Exercise aim: Give the data again exactly as written, skipping any pictures.

*** Opening of Data supplied ***

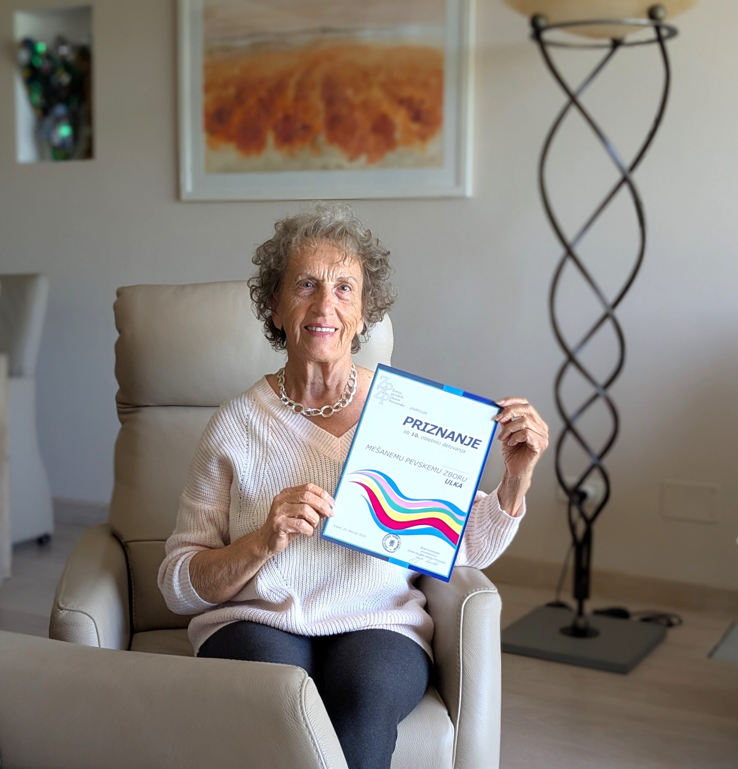 Nadja Štok je ponosna na priznanje, ki ga je ob 10. obletnici delovanja MePZ Ulka v februarju prejela od Zveze pevskih zborov Primorske. (Foto: Uredništvo)
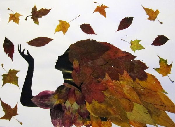 Тут нужна только ваша фантазия. Вы собираете листики разной формы и величины, комбинируя их в букеты, раскрашивая яркими красками. У вас получается, такая себе, своеобразная картина –мозаика.
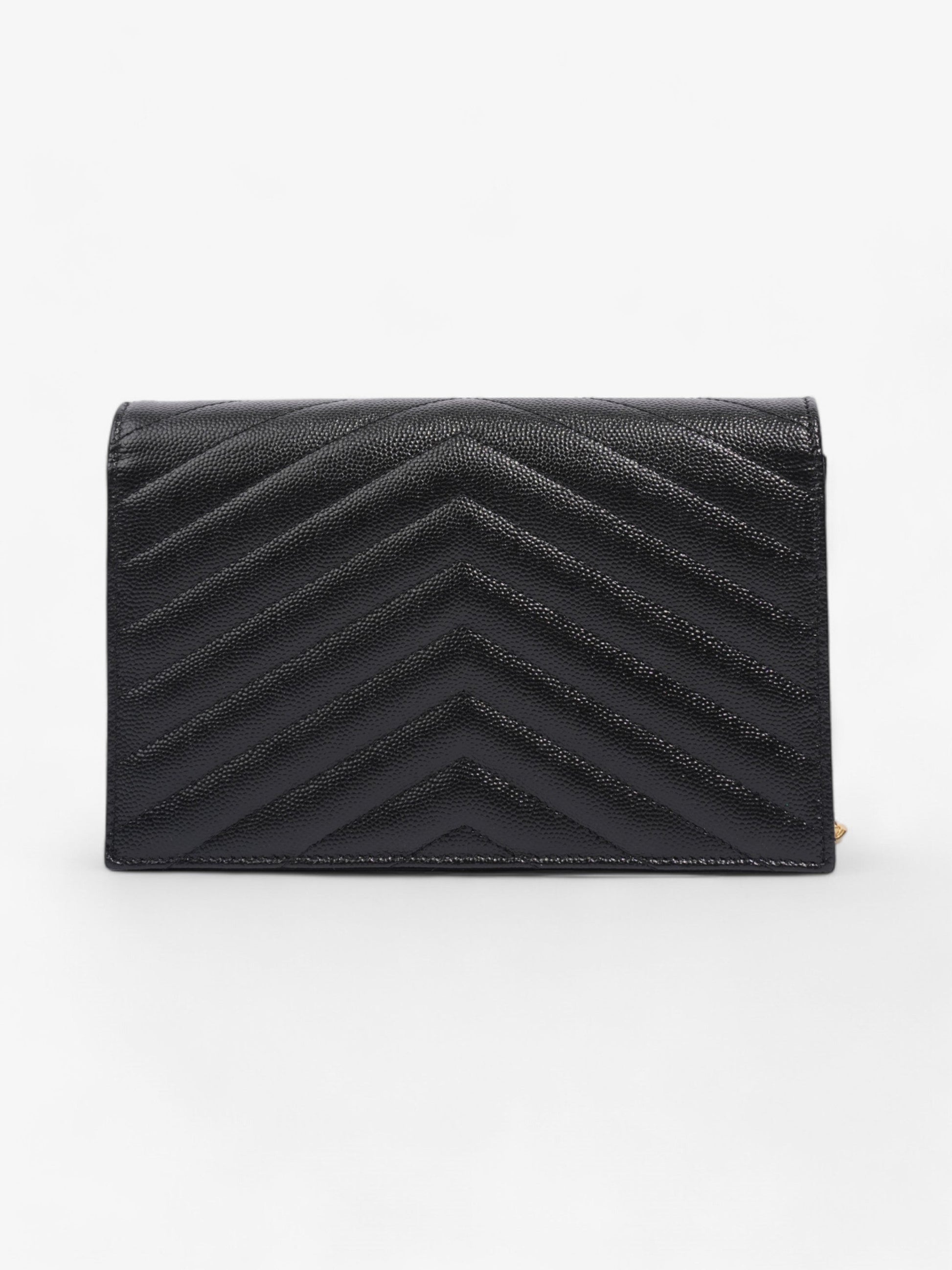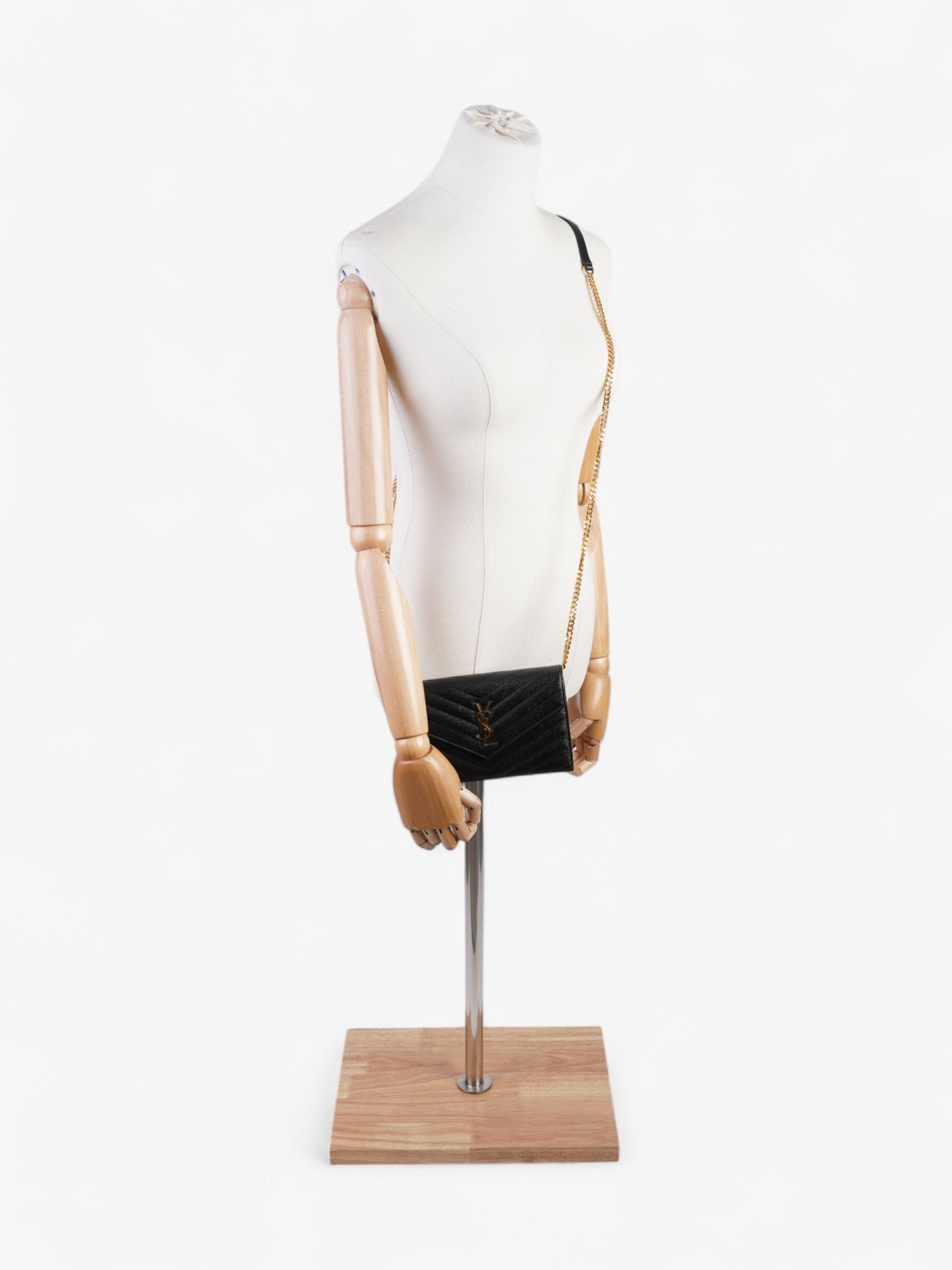 Saint Laurent Cassandre Envelope Chain Wallet Black Grained Leather
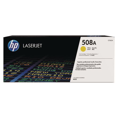 Product Details** Global Product Type Toner/Toner Cartridges OEM/Compatible OEM Supply Type Toner Device Types Laser Printer Color(s) Yellow Page-Yield 5,000 Market Indicator (Cartridge Number) HP 508A Remanufactured No For Use With HP Color LaserJet M553 Series Product Biodegradability in Days 0 Post-Consumer Recycled Content Percent 0% Total Recycled Content Percent 14% Country Of Origin JP Carton Weight 2 lbs. Carton Pack Quantity 1 EA Pack Quantity 0 UPC 888793237588 UNSPSC 44103103 Shipping Weight & Item Dimensions Weight 1.89 lbs. Length 5.79 in Height 6.34 in Width 15.55 in Warranty Manufacturer’s limited one-year warranty.
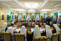 Открывая заседание, Предстоятель Русской Православной Церкви обратился к членам Священного Синода со вступительным словом, в котором представил повестку дня, после чего Синод приступил к работе.

*** Close of Data supplied ***

Written answer:
 Nadja Štok je ponosna na priznanje, ki ga je ob 10. obletnici delovanja MePZ Ulka v februarju prejela od Zveze pevskih zborov Primorske. (Foto: Uredništvo)
 Тут нужна только ваша фантазия. Вы собираете листики разной формы и величины, комбинируя их в букеты, раскрашивая яркими красками. У вас получается, такая себе, своеобразная картина –мозаика.
 Saint Laurent Cassandre Envelope Chain Wallet Black Grained Leather
 Product Details** Global Product Type Toner/Toner Cartridges OEM/Compatible OEM Supply Type Toner Device Types Laser Printer Color(s) Yellow Page-Yield 5,000 Market Indicator (Cartridge Number) HP 508A Remanufactured No For Use With HP Color LaserJet M553 Series Product Biodegradability in Days 0 Post-Consumer Recycled Content Percent 0% Total Recycled Content Percent 14% Country Of Origin JP Carton Weight 2 lbs. Carton Pack Quantity 1 EA Pack Quantity 0 UPC 888793237588 UNSPSC 44103103 Shipping Weight & Item Dimensions Weight 1.89 lbs. Length 5.79 in Height 6.34 in Width 15.55 in Warranty Manufacturer’s limited one-year warranty.
 Открывая заседание, Предстоятель Русской Православной Церкви обратился к членам Священного Синода со вступительным словом, в котором представил повестку дня, после чего Синод приступил к работе.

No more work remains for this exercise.